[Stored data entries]
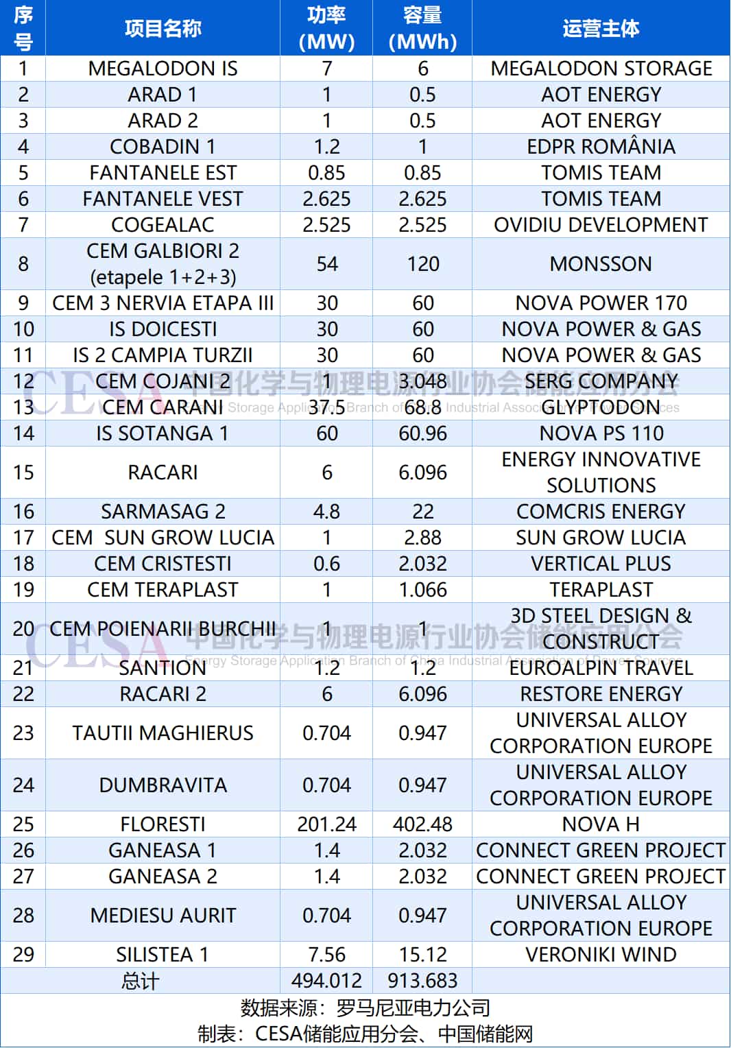 The table below presents Romania's large-scale, grid-connected battery energy storage projects as of December 5, 2025.
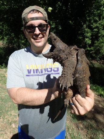 Dr Coleman (the one with the hat) poses with an alligator snapping turtle he met on a field excursion.
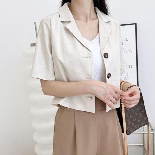 [엄지척]여자 반팔 린넨 셔츠 자켓 직장인 30대 회사원_19660122_667501
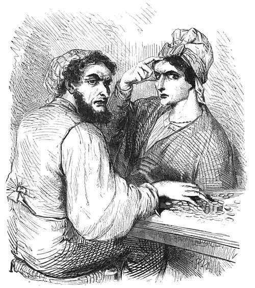 "There was evidently a severe struggle in the mind of Caderousse; it was evident that the small shagreen case, which he turned and re-turned in his hand, did not seem to him commensurate in value to the enormous sum which fascinated his gaze. He turned toward his wife.
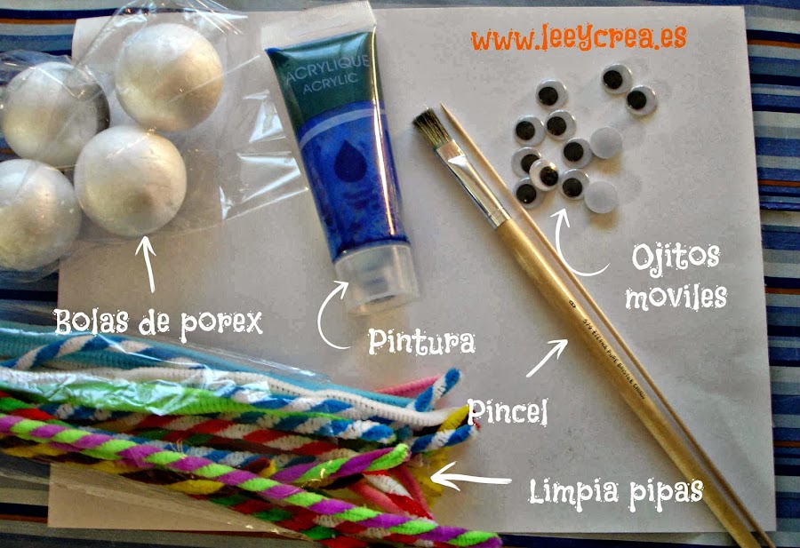 Lo primero que haremos será pintar las bolas de porex; para poder pintarlas bien, utilizaremos un palillo de madera pinchado en la bola. En nuestro caso las hemos pintado de color azul pero podéis elegir el color que más os guste, dejaremos secar las bolas y después les pegaremos los ojitos móviles.
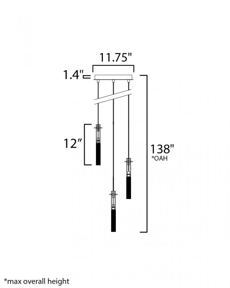 Slender Clear glass tubes sheath a Polished Chrome rod that supports small LED lamps. The glass is etched at a dividing line in the glass to softly diffuse the light. Available in two lengths of glass tube, the pendants are also available in multiple confi
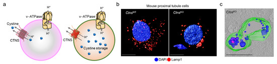 - Ivanova, E.A.; De Leo, M.G.; Van Den Heuvel, L.; Pastore, A.; Dijkman, H.; De Matteis, M.A.; Levtchenko, E.N. Endo-Lysosomal Dysfunction in Human Proximal Tubular Epithelial Cells Deficient for Lysosomal Cystine Transporter Cystinosin. PLoS ONE 2015, 10, e0120998. [Google Scholar] [CrossRef] [Green Version]
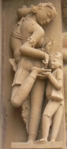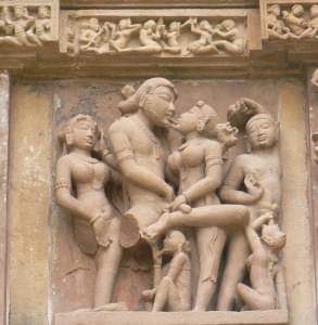 However, such truth is usually politely ignored in public and it would have been scandalous to portray it in stone on a temple wall anywhere else. Khajuraho, however, leads in its boldness. However, as scholar Devangana Desai notes, despite all its forthrightness in the matters of the grihasta, one does not see a woman with multiple partners. Nor does one see partners of the same gender together.

• Task description:
All that is needed is an exact copy of the lines from the top of the entries through the line containing "[엄지척]여자 반팔 린넨", pictures left out.

• Output for this task:
 The table below presents Romania's large-scale, grid-connected battery energy storage projects as of December 5, 2025.
 Dr Coleman (the one with the hat) poses with an alligator snapping turtle he met on a field excursion.
 [엄지척]여자 반팔 린넨 셔츠 자켓 직장인 30대 회사원_19660122_667501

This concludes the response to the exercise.